The Court is of the opinion that the time-price differential or the time-price doctrine is inapplicable to the case sub judice. A review of Mississippi case law sustaining the doctrine reveals that the doctrine has exclusively been applied to installment sales contracts for a fixed term of repayment. The differential between the cash price quoted to a consumer and the credit price selected by the consumer was not considered interest by the Mississippi Supreme Court. Mullins v. Merchandise Sales Company, 192 So.2d 700, 704 (Miss. 1966); Bryant v. Securities Investment Company, 102 So.2d 701, 702 (Miss.1958).
Thus, the court finds that the 1974 amendment to Miss.Code Ann. § 75-17-1, et seq., applies retroactively to preclude the plaintiffs' usury claims. The court further finds that the time-price doctrine does not apply to the circumstances of this case.

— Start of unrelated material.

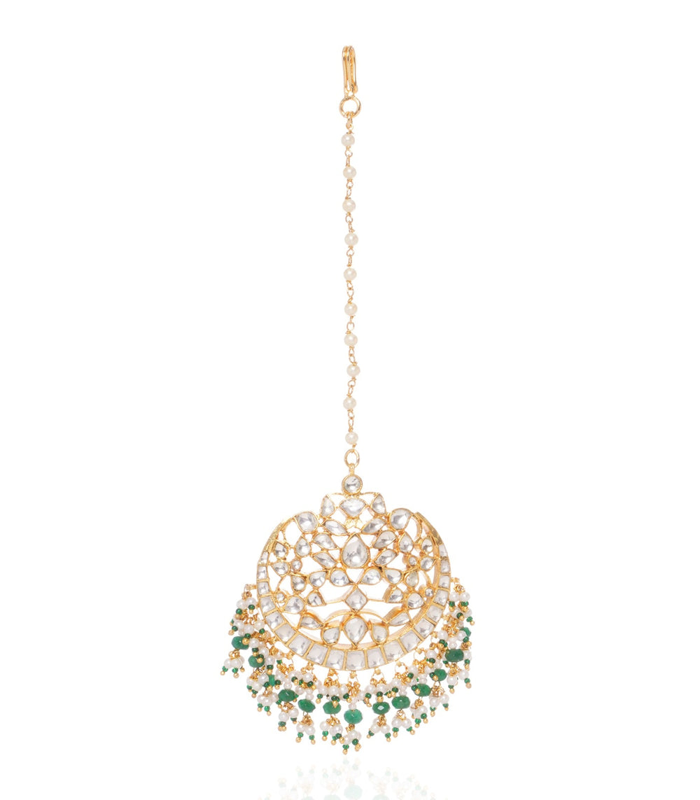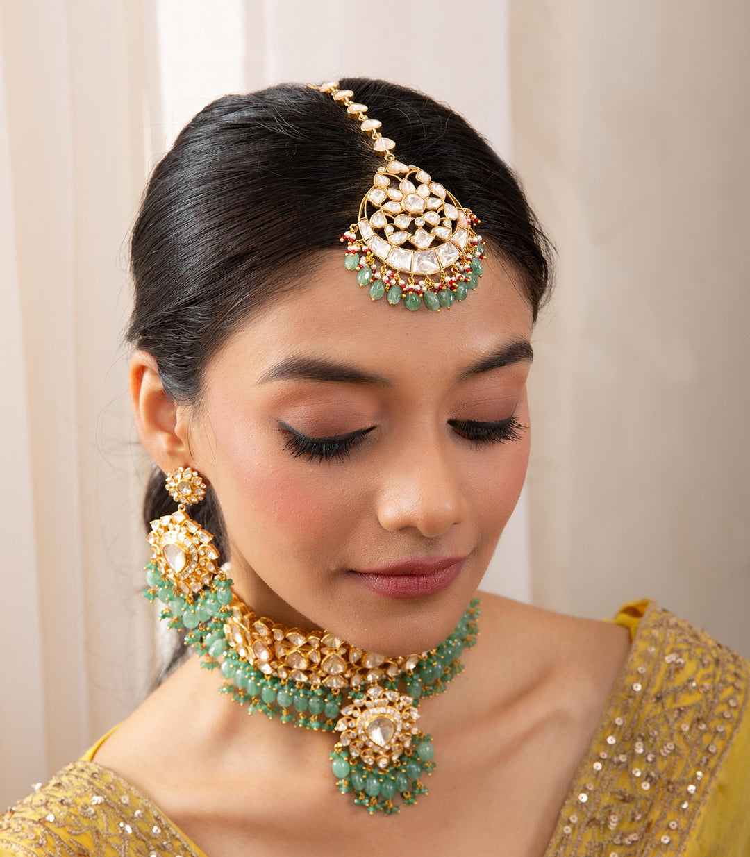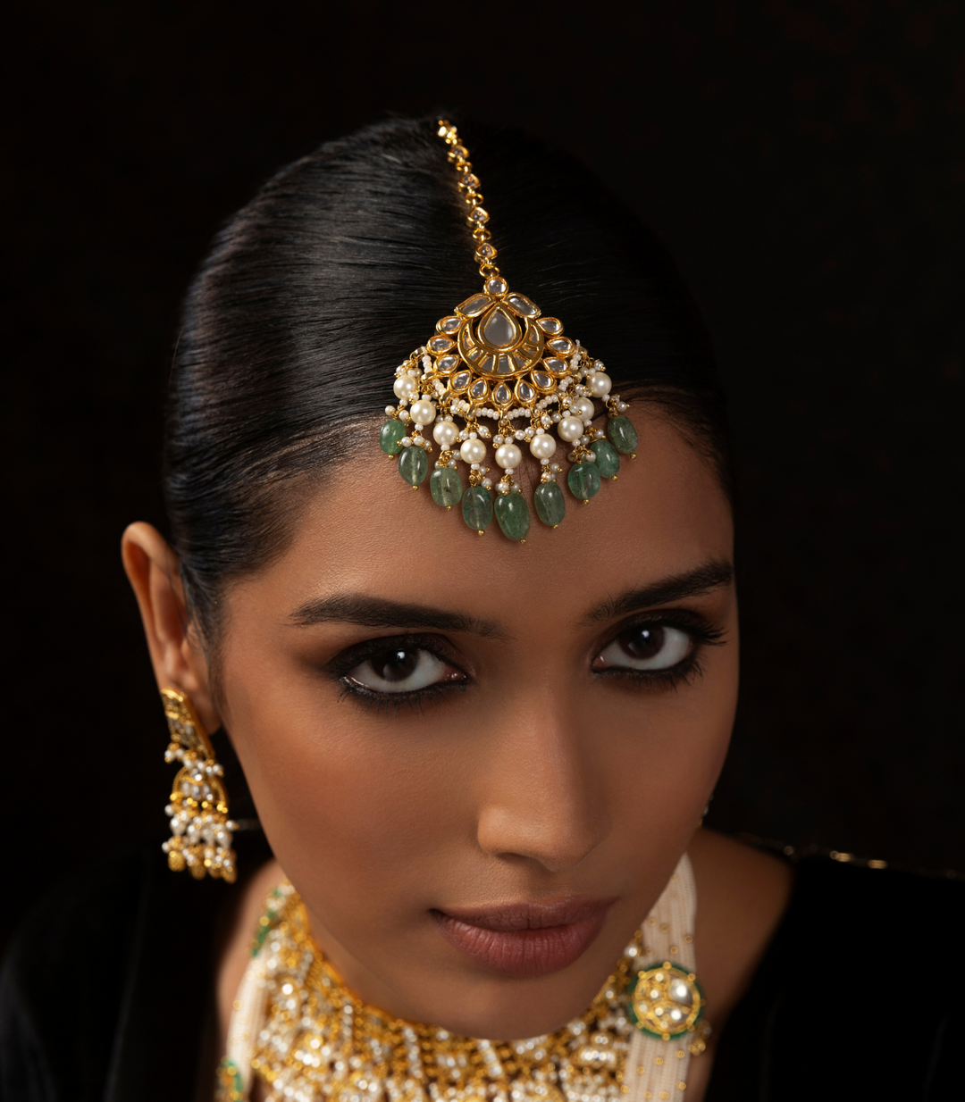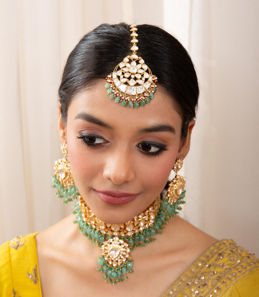 AAWANYA GREEN KUNDAN TIKA WITH GREEN ONYX DROPS

IT IS, THEREFORE, ORDERED AND ADJUDGED that the motion of the plaintiffs for partial summary judgment is hereby denied, and the motion of the defendants for summary judgment is hereby granted in accordance with this opinion. A separate judgment shall be entered in accordance with the local rules.
SO ORDERED.
NOTES
[1] The "most favored lender" status for national banks under Tiffany has since been incorporated into the regulations of the Comptroller of Currency. See 12 C.F.R. § 7.7310(a) which recites:
(a) A national bank may charge interest at the maximum rate permitted by State law to any competing State-chartered or licensed lending institution. If State law permits a higher interest rate on a specified class of loans, a national bank making such loans at such higher rate is subject only to the provisions of State law relating to such class of loans that are material to the determination of the interest rate.